Start of The records
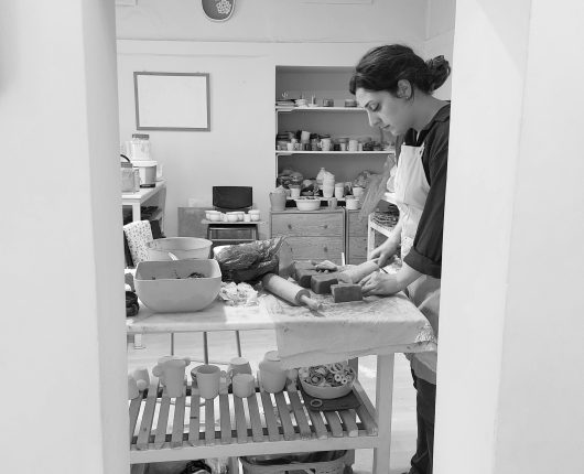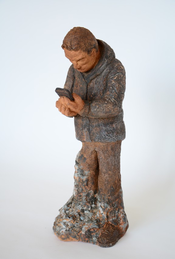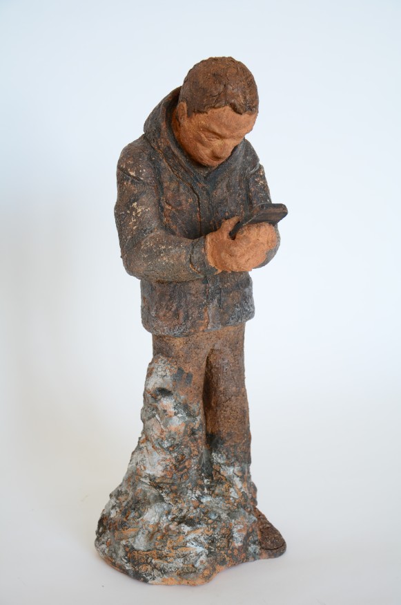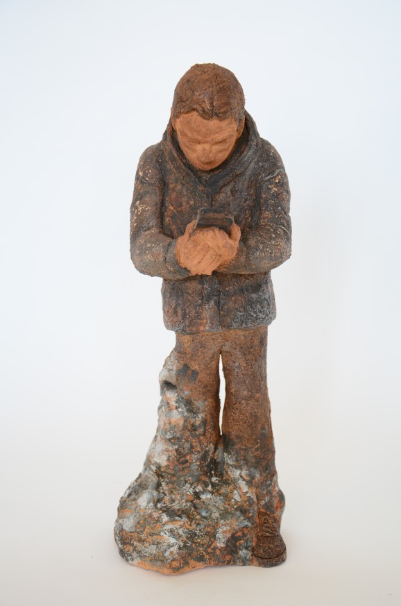 Chamotte clay, manganese oxide, colored underglaze, hand-built, 1160 °C, 45x17x15 cm
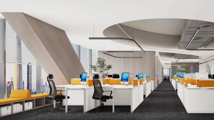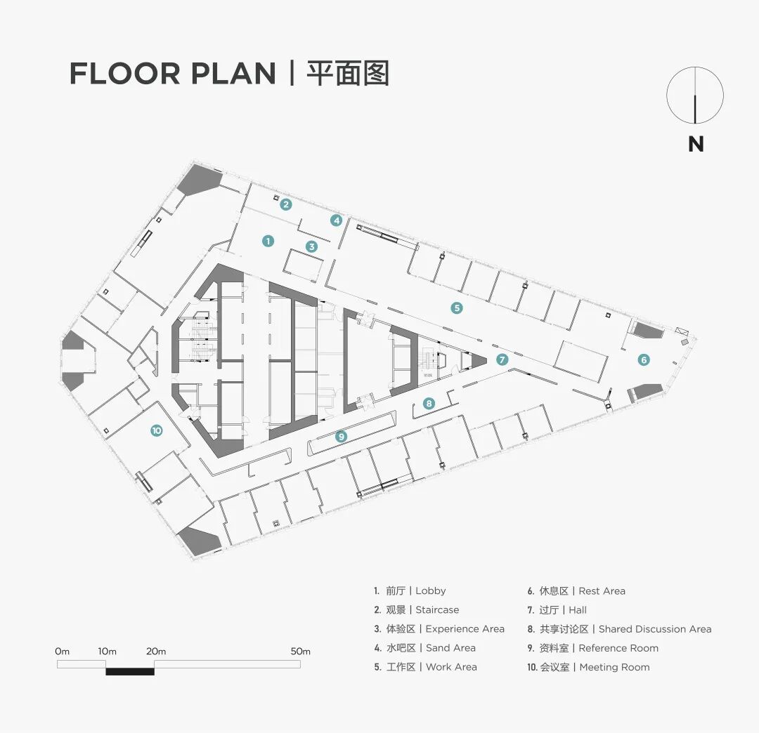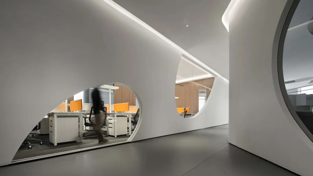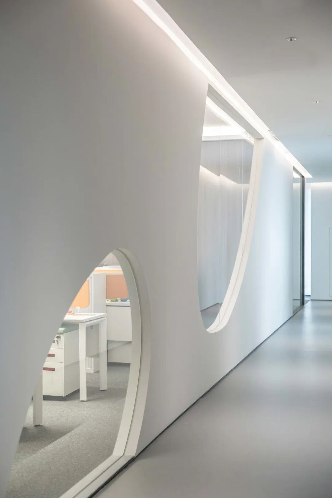 提及游乐公园,首先浮现在脑海中的印象里想来过山车必有一席之地。以此为意象,过山车起伏的轨道转化为部门空间与过道间墙体上的弧线,线条勾勒出的范围以玻璃填充,点缀之余也让空间的体量感更加明晰,各个区域间的视觉得以贯通。
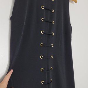Vintage Carmen Women's Black Sleeveless Lace Up Grommet Trim Midi Cocktail Party Dress S
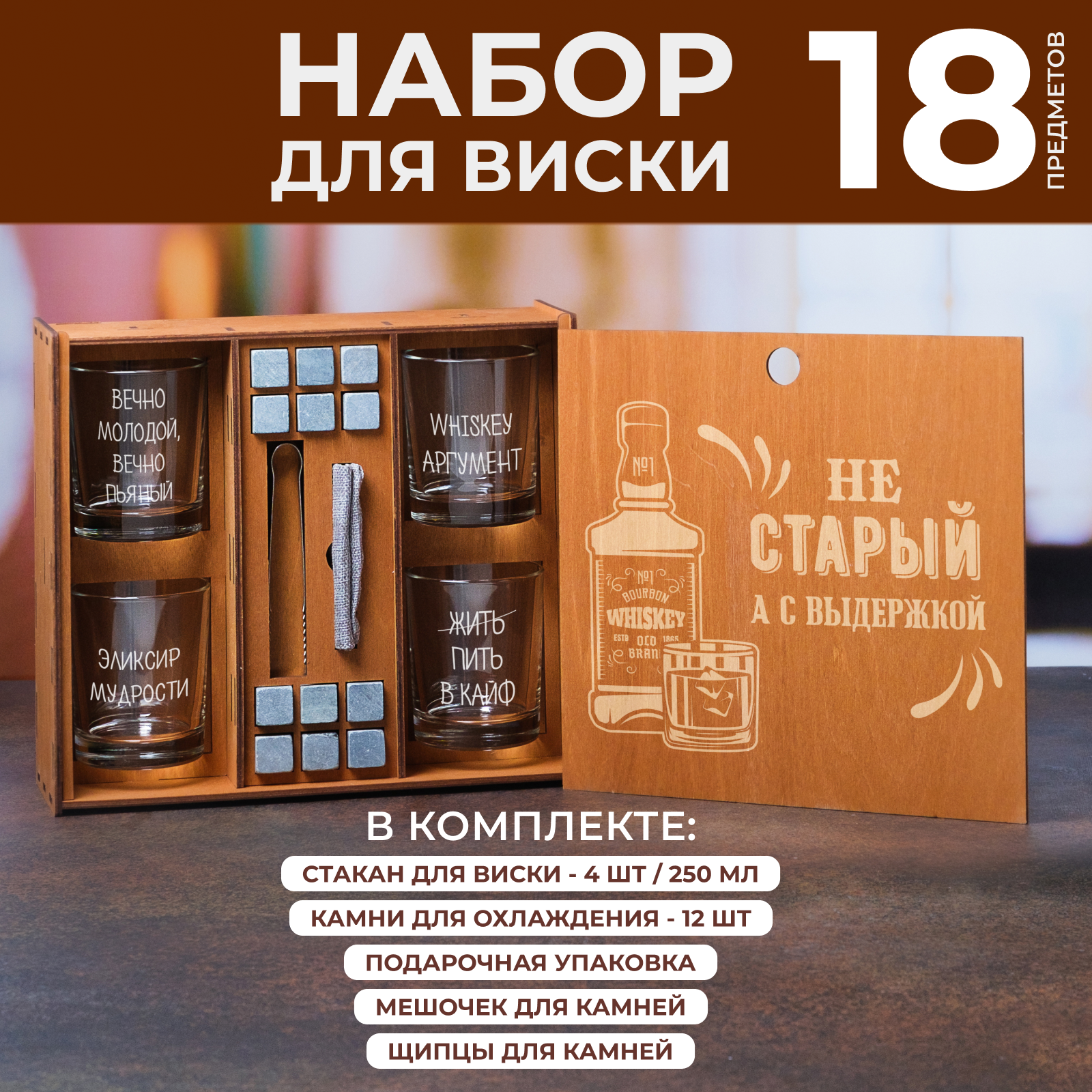 Ниже Вы можете прочитать отзывы на Подарочный набор "Не старый, а с выдержкой" 4 бокала для виски с гравировкой в деревянной коробке. Подарок мужчине, мужу, ознакомится с подробными характеристиками, посмотреть интересные обзоры и фотографии на Подарочный набор "Не старый, а с выдержкой" 4 бокала для виски с гравировкой в деревянной коробке. Подарок мужчине, мужу.
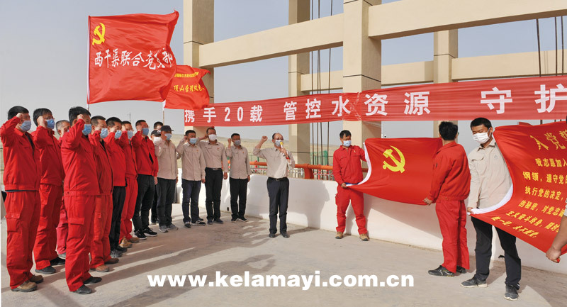 ????克拉瑪依市水務(wù)公司各級(jí)黨員干部和上游建管單位的黨支部全體黨員20余人,在分水閘處共同開(kāi)展了主題黨日活動(dòng),全體黨員重溫了入黨誓詞。
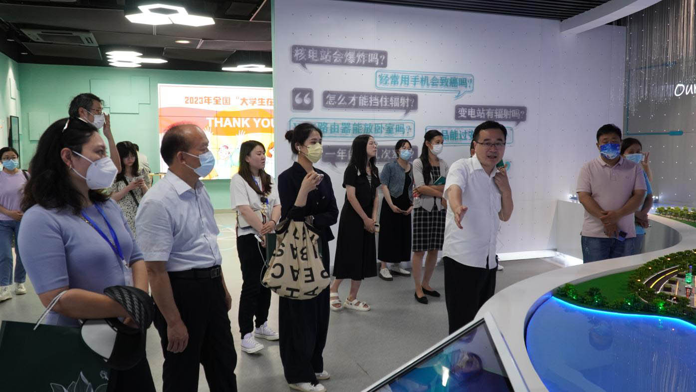 核輻社云科普館的“云”字,是一種“共享”的概念,整個展館主要分為“線下體驗”和“線上學習”兩大模塊,線下實體 展館營造學習氛圍、燃起學習興趣,有專業的講解員進行導覽,為參觀者打開一扇了解核與輻射知識的大門;而線上小程序則可以做到打破時間和空間上的壁壘,隨時隨地體驗瀏覽學習。
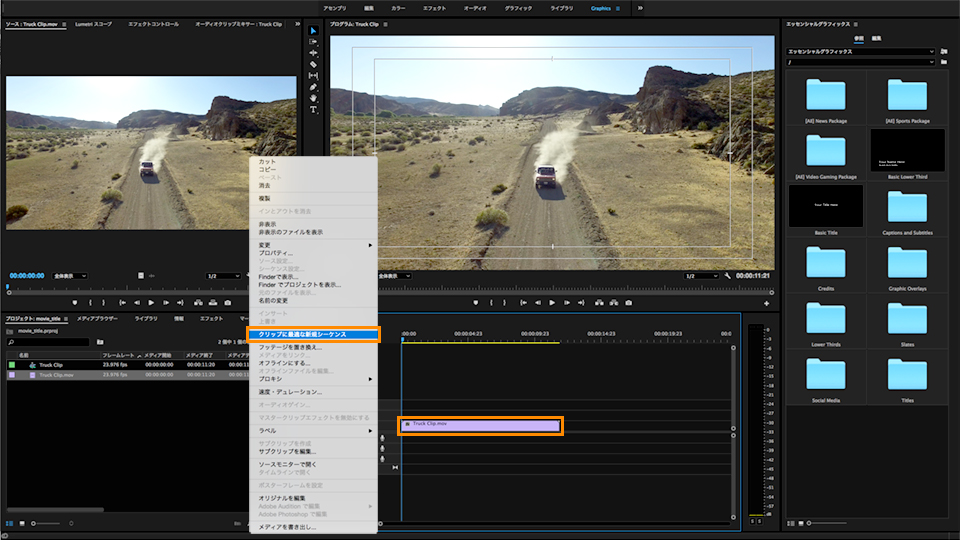 「プロジェクト」パネルの「Truck Clip.mov」を右クリック(Windows)または「Control」キーを押しながらクリック(Mac)し、メニューから「クリップに最適な新規シーケンス」を選択します。「タイムライン」パネルにシーケンスが作成されました。「プログラム」パネルには、シーケンスの映像が表示されます。
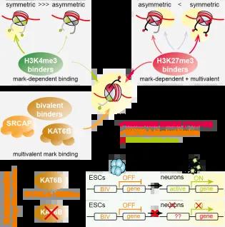 February 2025, Voigt Lab, Molecular Cell Authors Bryan, E., Valsakumar, D., Idigo, N.J., Warburton, M., Webb, K.M., McLaughlin, K.A., Spanos, C., Lenci, S., Major, V., Ambrosi, C., Andrews, S., Baubec, T., Rappsilber, J., and Voigt, P. Summary By Elena Hein, Bird LabHistone modifications regulate transcription by modulating DNA accessibility and recruiting activating or repressive chromatin factors. Nucleosomes may be marked symmetrically (monovalent), or asymmetrically (bivalent), thus controlling differential recruitment of histone mark readers. Promoters of developmental genes in embryonic stem cells (ESCs) are marked by bivalent nucleosomes, carrying both activating H3K4me3 and repressive H3K27me3, which is thought to maintain genes in a repressed yet activation-ready “poised” state. While the establishment of bivalency is fairly well understood, the exact mechanisms by which these domains keep genes in a poised state are still unclear.In a recent paper published in Molecular Cell, Bryan et al. (2025) investigated how asymmetric bivalent nucleosomes influence reader recruitment. Using label-free quantitative mass spectrometry (LFQ-MS) -based nucleosome pull-down assays with mouse nuclear extracts, as well as recombinant symmetric and asymmetric nucleosomes, they found that bivalent nucleosomes preferentially recruited H3K27me3-binding repressive complexes while inefficiently recruiting H3K4me3-binding activators. Both activating and repressive readers were recruited less efficiently to bivalent nucleosomes than to their symmetric monovalent counterparts, but the researchers suggest that additional H3K27me3-independent nucleosome-binding properties of repressive complexes enhance their binding to asymmetric nucleosomes compared to activators, thus promoting a repressed state. The study also identified the acetyltransferase complex KAT6B as one of several bivalency-specific interactors. Functional assays revealed that KAT6B, and its less abundant paralogue KAT6A, are required for neuronal differentiation of mouse embryonic stem cells, acting to preserve the poised state of developmental genes.These findings suggest that asymmetric bivalent histone modification patterns bias recruitment toward repression, influenced by additional H3K37me2-independent nucleosome binding affinities of repressive chromatin complexes. Identification of bivalency-specific readers such as KAT6B highlights additional layers of histone-based gene regulation and underscores the importance of reader-recruitment dynamics in controlling developmental gene expression programs. Symmetric modification of nucleosomes boosts recruitment of histone mark reader proteins through so-called allovalent effects. In the case of repressive Polycomb complexes, multivalent interactions with other nucleosome features allows efficient recruitment also at asymmetric, bivalent nucleosomes. Multivalent interactions with bivalent nucleosomes further allow for recruitment of other factors such as KAT6B. Loss of KAT6B prevents activation of bivalent genes during neuronal differentiation. Related Links Journal URL PI Website DOI This article was published on 2025-08-27
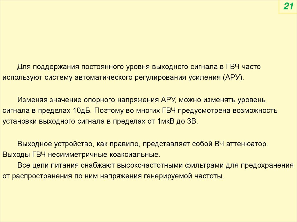 21Для поддержания постоянного уровня выходного сигнала в ГВЧ часто
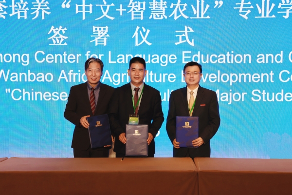 大会期间,邱利民代表学校,与教育部语合中心党委书记、主任郁云峰、万宝非洲农业发展有限公司董事长丁松签署三方协议,联合设立“莫桑比克智慧农业国际中文教师奖学金”。项目旨在为非洲农业现代化培养既懂中文、又掌握先进农业技术的本土化人才,将进一步拓展我校国际中文教育工作的外延。
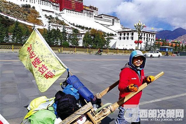 “從陜西到拉薩,3300多公里,路途遙遠,光車子輪胎我就換了3條,還磨壞了3根車軸,但是我堅持了下來,終于到了拉薩,到了終點,我成功了。”
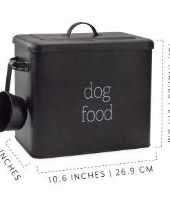 AuldHome Retro Dog Food Canister es perfecto para los amantes de las mascotas que buscan un toque de estilo de granja moderna en su hogar. Con un diseño clásico vintage y decoración contemporánea, este bote de almacenamiento de comida para perros combina esmalte negro mate con letras blancas de estilo de máquina de escribir para un aspecto elegante. Con una capacidad de 9 cuartos o 36 tazas, es ideal para perros pequeños a medianos. El tamaño total con la tapa y las asas es de 10.75 pulgadas de alto por 13 pulgadas de largo por 5.9 pulgadas de ancho, mientras que el tamaño del bote es de 10.6 pulgadas de largo por 8.75 pulgadas de alto, excluyendo la tapa y las asas. Además, viene con una cuchara colgante de medición que cuelga en el asa y mide 2/3 de taza, lo que lo hace conveniente para su uso en la encimera. Forma parte de la colección de esmalte negro AuldHome Design, que incluye una variedad de artículos para la cocina y el hogar. ¡Haz que la hora de la comida de tu mascota sea aún más especial con este elegante bote de almacenamiento de comida para perros!
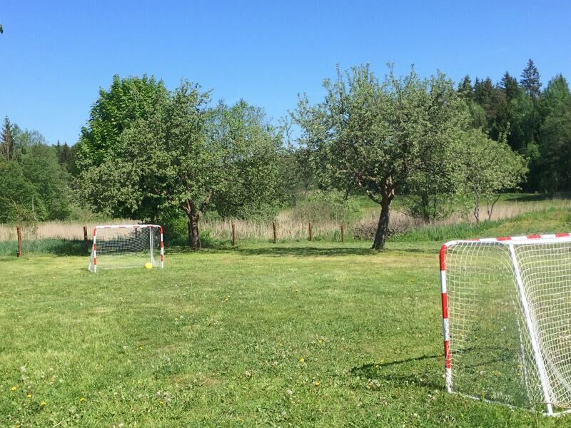 На базе есть площадка для игры в футбол, с воротами и мячом.
End of The records
What you need to do: Output a faithful copy of the data, with each picture left out.

The answer:
 Chamotte clay, manganese oxide, colored underglaze, hand-built, 1160 °C, 45x17x15 cm
 提及游乐公园,首先浮现在脑海中的印象里想来过山车必有一席之地。以此为意象,过山车起伏的轨道转化为部门空间与过道间墙体上的弧线,线条勾勒出的范围以玻璃填充,点缀之余也让空间的体量感更加明晰,各个区域间的视觉得以贯通。
Vintage Carmen Women's Black Sleeveless Lace Up Grommet Trim Midi Cocktail Party Dress S
 Ниже Вы можете прочитать отзывы на Подарочный набор "Не старый, а с выдержкой" 4 бокала для виски с гравировкой в деревянной коробке. Подарок мужчине, мужу, ознакомится с подробными характеристиками, посмотреть интересные обзоры и фотографии на Подарочный набор "Не старый, а с выдержкой" 4 бокала для виски с гравировкой в деревянной коробке. Подарок мужчине, мужу.
 ????克拉瑪依市水務(wù)公司各級(jí)黨員干部和上游建管單位的黨支部全體黨員20余人,在分水閘處共同開(kāi)展了主題黨日活動(dòng),全體黨員重溫了入黨誓詞。
 核輻社云科普館的“云”字,是一種“共享”的概念,整個展館主要分為“線下體驗”和“線上學習”兩大模塊,線下實體 展館營造學習氛圍、燃起學習興趣,有專業的講解員進行導覽,為參觀者打開一扇了解核與輻射知識的大門;而線上小程序則可以做到打破時間和空間上的壁壘,隨時隨地體驗瀏覽學習。
 「プロジェクト」パネルの「Truck Clip.mov」を右クリック(Windows)または「Control」キーを押しながらクリック(Mac)し、メニューから「クリップに最適な新規シーケンス」を選択します。「タイムライン」パネルにシーケンスが作成されました。「プログラム」パネルには、シーケンスの映像が表示されます。
 February 2025, Voigt Lab, Molecular Cell Authors Bryan, E., Valsakumar, D., Idigo, N.J., Warburton, M., Webb, K.M., McLaughlin, K.A., Spanos, C., Lenci, S., Major, V., Ambrosi, C., Andrews, S., Baubec, T., Rappsilber, J., and Voigt, P. Summary By Elena Hein, Bird LabHistone modifications regulate transcription by modulating DNA accessibility and recruiting activating or repressive chromatin factors. Nucleosomes may be marked symmetrically (monovalent), or asymmetrically (bivalent), thus controlling differential recruitment of histone mark readers. Promoters of developmental genes in embryonic stem cells (ESCs) are marked by bivalent nucleosomes, carrying both activating H3K4me3 and repressive H3K27me3, which is thought to maintain genes in a repressed yet activation-ready “poised” state. While the establishment of bivalency is fairly well understood, the exact mechanisms by which these domains keep genes in a poised state are still unclear.In a recent paper published in Molecular Cell, Bryan et al. (2025) investigated how asymmetric bivalent nucleosomes influence reader recruitment. Using label-free quantitative mass spectrometry (LFQ-MS) -based nucleosome pull-down assays with mouse nuclear extracts, as well as recombinant symmetric and asymmetric nucleosomes, they found that bivalent nucleosomes preferentially recruited H3K27me3-binding repressive complexes while inefficiently recruiting H3K4me3-binding activators. Both activating and repressive readers were recruited less efficiently to bivalent nucleosomes than to their symmetric monovalent counterparts, but the researchers suggest that additional H3K27me3-independent nucleosome-binding properties of repressive complexes enhance their binding to asymmetric nucleosomes compared to activators, thus promoting a repressed state. The study also identified the acetyltransferase complex KAT6B as one of several bivalency-specific interactors. Functional assays revealed that KAT6B, and its less abundant paralogue KAT6A, are required for neuronal differentiation of mouse embryonic stem cells, acting to preserve the poised state of developmental genes.These findings suggest that asymmetric bivalent histone modification patterns bias recruitment toward repression, influenced by additional H3K37me2-independent nucleosome binding affinities of repressive chromatin complexes. Identification of bivalency-specific readers such as KAT6B highlights additional layers of histone-based gene regulation and underscores the importance of reader-recruitment dynamics in controlling developmental gene expression programs. Symmetric modification of nucleosomes boosts recruitment of histone mark reader proteins through so-called allovalent effects. In the case of repressive Polycomb complexes, multivalent interactions with other nucleosome features allows efficient recruitment also at asymmetric, bivalent nucleosomes. Multivalent interactions with bivalent nucleosomes further allow for recruitment of other factors such as KAT6B. Loss of KAT6B prevents activation of bivalent genes during neuronal differentiation. Related Links Journal URL PI Website DOI This article was published on 2025-08-27
 21Для поддержания постоянного уровня выходного сигнала в ГВЧ часто
 大会期间,邱利民代表学校,与教育部语合中心党委书记、主任郁云峰、万宝非洲农业发展有限公司董事长丁松签署三方协议,联合设立“莫桑比克智慧农业国际中文教师奖学金”。项目旨在为非洲农业现代化培养既懂中文、又掌握先进农业技术的本土化人才,将进一步拓展我校国际中文教育工作的外延。
 “從陜西到拉薩,3300多公里,路途遙遠,光車子輪胎我就換了3條,還磨壞了3根車軸,但是我堅持了下來,終于到了拉薩,到了終點,我成功了。”
 AuldHome Retro Dog Food Canister es perfecto para los amantes de las mascotas que buscan un toque de estilo de granja moderna en su hogar. Con un diseño clásico vintage y decoración contemporánea, este bote de almacenamiento de comida para perros combina esmalte negro mate con letras blancas de estilo de máquina de escribir para un aspecto elegante. Con una capacidad de 9 cuartos o 36 tazas, es ideal para perros pequeños a medianos. El tamaño total con la tapa y las asas es de 10.75 pulgadas de alto por 13 pulgadas de largo por 5.9 pulgadas de ancho, mientras que el tamaño del bote es de 10.6 pulgadas de largo por 8.75 pulgadas de alto, excluyendo la tapa y las asas. Además, viene con una cuchara colgante de medición que cuelga en el asa y mide 2/3 de taza, lo que lo hace conveniente para su uso en la encimera. Forma parte de la colección de esmalte negro AuldHome Design, que incluye una variedad de artículos para la cocina y el hogar. ¡Haz que la hora de la comida de tu mascota sea aún más especial con este elegante bote de almacenamiento de comida para perros!
 На базе есть площадка для игры в футбол, с воротами и мячом.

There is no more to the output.